WHAT YOU NEED TO DO:
Whenever a picture appears in the listing below, leave it out, and copy exactly the lines from the one containing "Phil Honeywood, CEO, International" through the end.

PROVIDED MATERIAL:
==============================

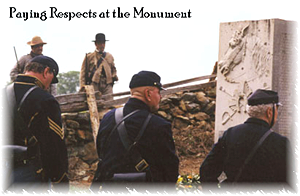 In 1995, the Snickersville Turnpike Association applied for Federal funds to restore two sites along the Turnpike - one in the area around a former one-lane bridge and the other at the Civil War Monument erected in 1883 by survivors to commemorate their comrades in the 1st Massachusetts Regiment who were killed, wounded or captured on June 17, 1863 at the First Battle of Aldie. Under the Federal program, STA had to contribute $14,000, which was 20% of the grant requested. After six years of bureaucratic delays, STA is pleased to announce that the work in both areas has been completed and that we are delighted with the results. In celebration of this major accomplishment, there was a ribbon-cutting ceremony at the monument site on August 18th, 2001. The site had been saved and restored. Members of the 1st Massachusetts Cavalry reenactment unit drove down from Massachusetts with their horses where they were joined by cavalry re-enactors from Virginia. Seven of the Loudoun County Board of Supervisors attended, as did Delegates Joe May and Bob Marshall. Both Union and Confederate troopers laid a wreath at the monument and then the citizens retired to a picnic supper at George and Marcia de Garmo's where there was good food, good music and good friendship. It was a celebration that affirmed that citizens that care could save places that are threatened. There is now a grassy pulloff area capable of supporting a tour bus, and signage describing both Confederate and Union positions. The stone fence, behind which sharpshooters from the 2nd and 3rd Virginia Cavalry had dismounted and inflicted such heavy casualties on the 1st Massachusetts Cavalry, has been restored to its 1860's condition. STA was able to acquire 100-year old chestnut rails, and they now constitute the rail fence paralleling the Turnpike. Dead trees have been removed, and a few native trees planted. The view across the Turnpike has been cleared, and much of the battlefield can now be readily seen. You really must see it to appreciate the entire restoration. |
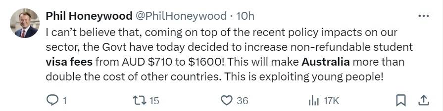 Phil Honeywood, CEO, International Education Association of Australia (IEAA) said on the X platform, "I can’t believe that, coming on top of the recent policy impacts on our sector, the Govt have today decided to increase non-refundable student visa fees from AUD $710 to $1600! This will make Australia more than double the cost of other countries. This is exploiting young people!."
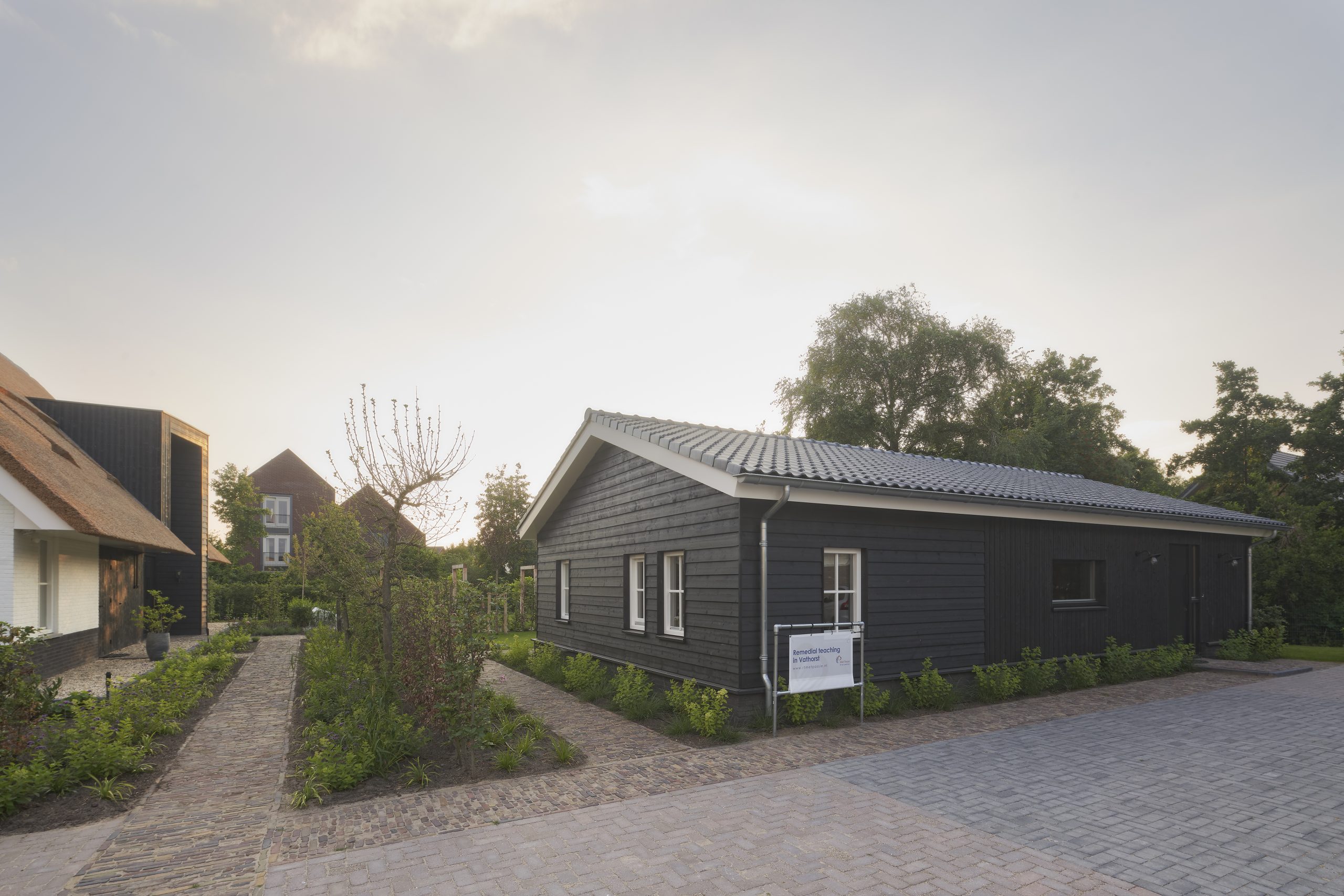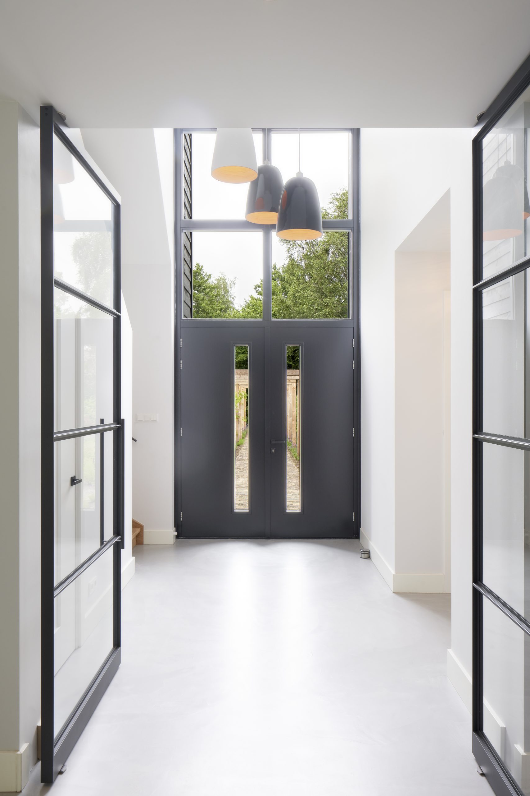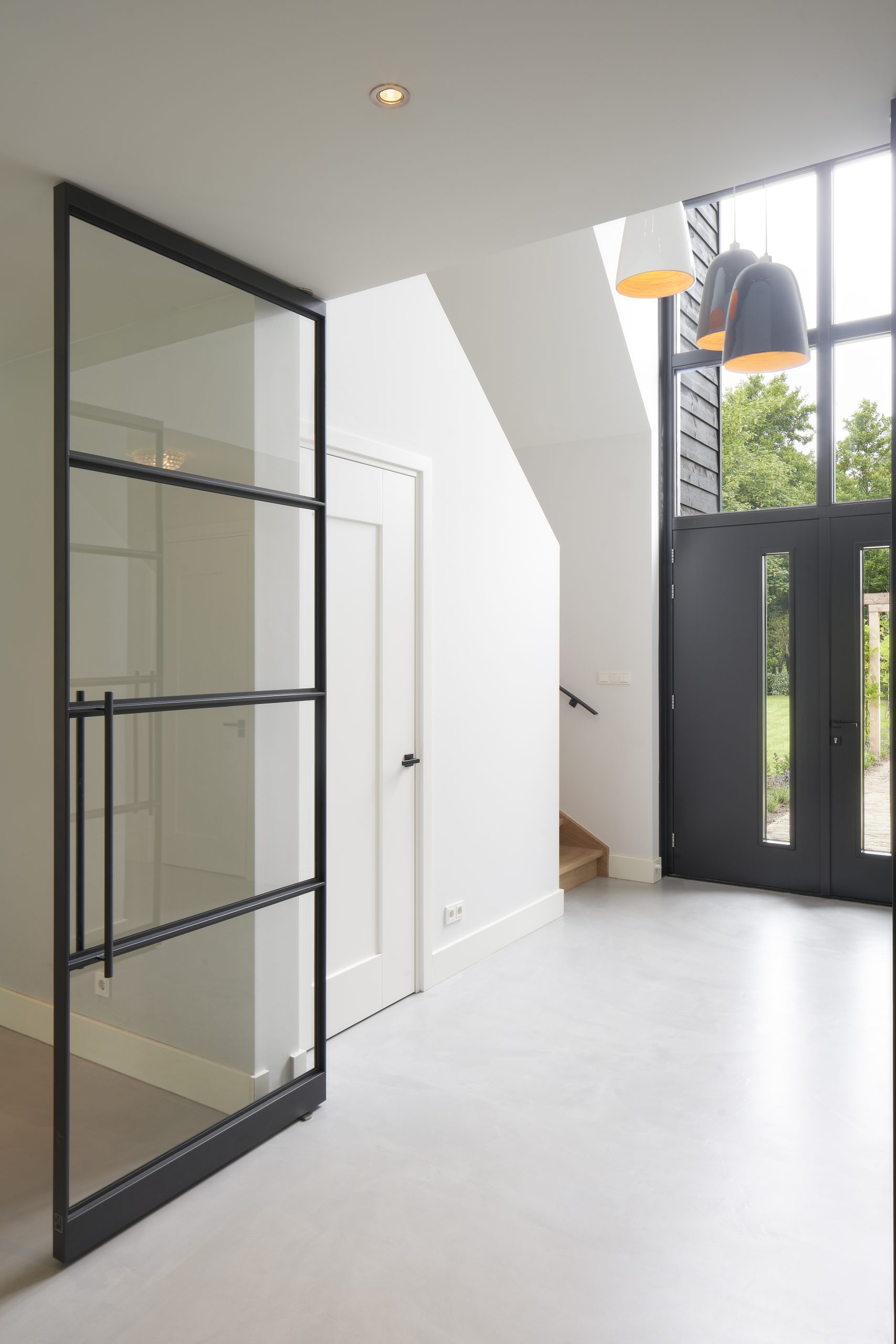 De entree is op een vanzelfsprekende, logische plek in het ontwerp gepositioneerd. Een zwarte entreepartij markeert de toegang en is verticaal doorgezet in de gevel. Deze ingreep versterkt de compositie en brengt balans tussen de strakke, moderne lijnen en de warme, landelijke uitstraling van de woning.

==============================

TASK RESULT:
 Phil Honeywood, CEO, International Education Association of Australia (IEAA) said on the X platform, "I can’t believe that, coming on top of the recent policy impacts on our sector, the Govt have today decided to increase non-refundable student visa fees from AUD $710 to $1600! This will make Australia more than double the cost of other countries. This is exploiting young people!."
 De entree is op een vanzelfsprekende, logische plek in het ontwerp gepositioneerd. Een zwarte entreepartij markeert de toegang en is verticaal doorgezet in de gevel. Deze ingreep versterkt de compositie en brengt balans tussen de strakke, moderne lijnen en de warme, landelijke uitstraling van de woning.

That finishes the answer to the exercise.